## Dataset extract:
____

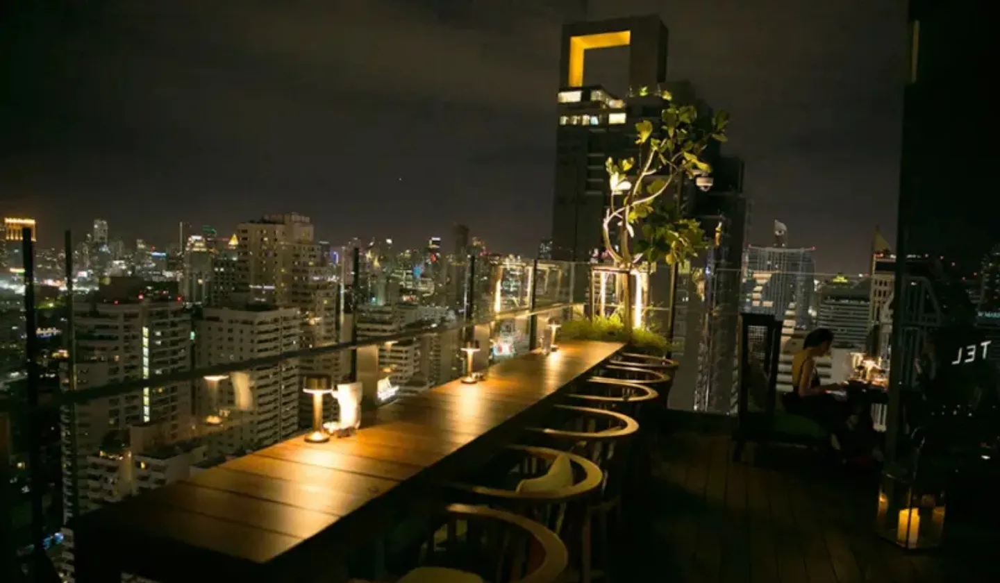 ハイアットリージェンシー・バンコクスクンビットホテルの最上階のルーフトップバーでは、美しいバンコクの夜景を眺めながらドリンクや西洋料理を楽しむことができます。
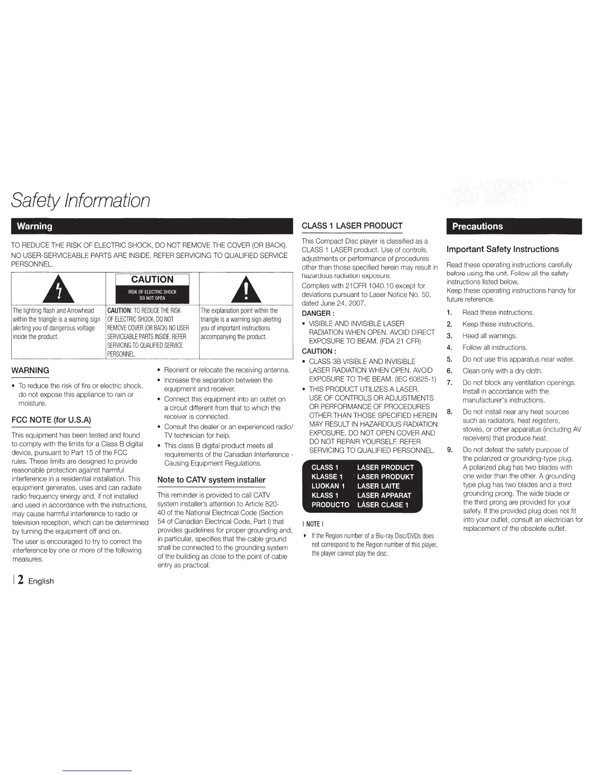 Samsung BD-E5700 - Safety Information and Precautions; General Safety Warnings and Precautions; Laser Product Safety Information; Important Safety Instructions
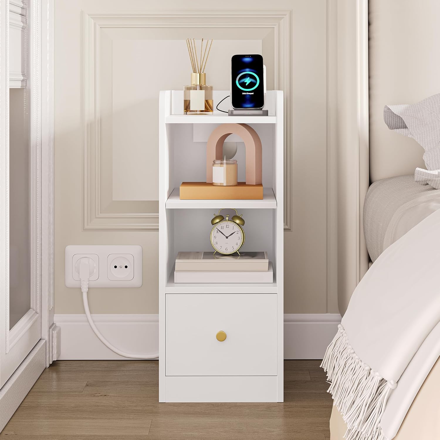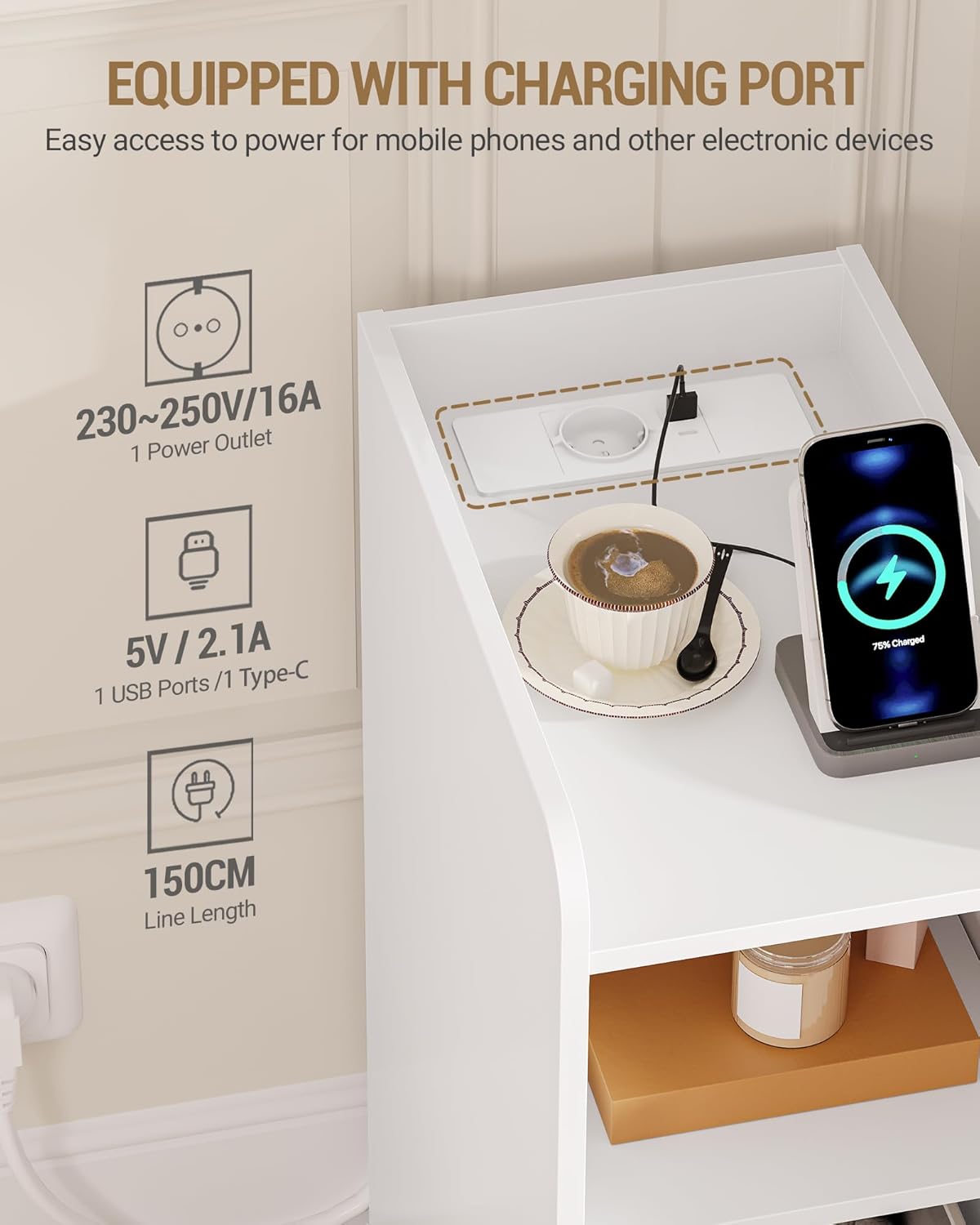【Avec Prise de Charge】Cette petite table de chevet a plus qu’une simple fonction de rangement, c’est le compagnon idéal pour votre téléphone portable, votre tablette et autres appareils électroniques ! Lorsque votre appareil est à court d’énergie, il suffit de connecter la table d’appoint pour le recharger. Elle prend également en charge les ports USB et de type C, de sorte que vous n’avez plus à vous soucier des problèmes liés à l’incompatibilité des prises!

____

## Task requirements:
Drop the pictures and reproduce the rest of the data exactly.

## Exercise output:
 ハイアットリージェンシー・バンコクスクンビットホテルの最上階のルーフトップバーでは、美しいバンコクの夜景を眺めながらドリンクや西洋料理を楽しむことができます。
 Samsung BD-E5700 - Safety Information and Precautions; General Safety Warnings and Precautions; Laser Product Safety Information; Important Safety Instructions
【Avec Prise de Charge】Cette petite table de chevet a plus qu’une simple fonction de rangement, c’est le compagnon idéal pour votre téléphone portable, votre tablette et autres appareils électroniques ! Lorsque votre appareil est à court d’énergie, il suffit de connecter la table d’appoint pour le recharger. Elle prend également en charge les ports USB et de type C, de sorte que vous n’avez plus à vous soucier des problèmes liés à l’incompatibilité des prises!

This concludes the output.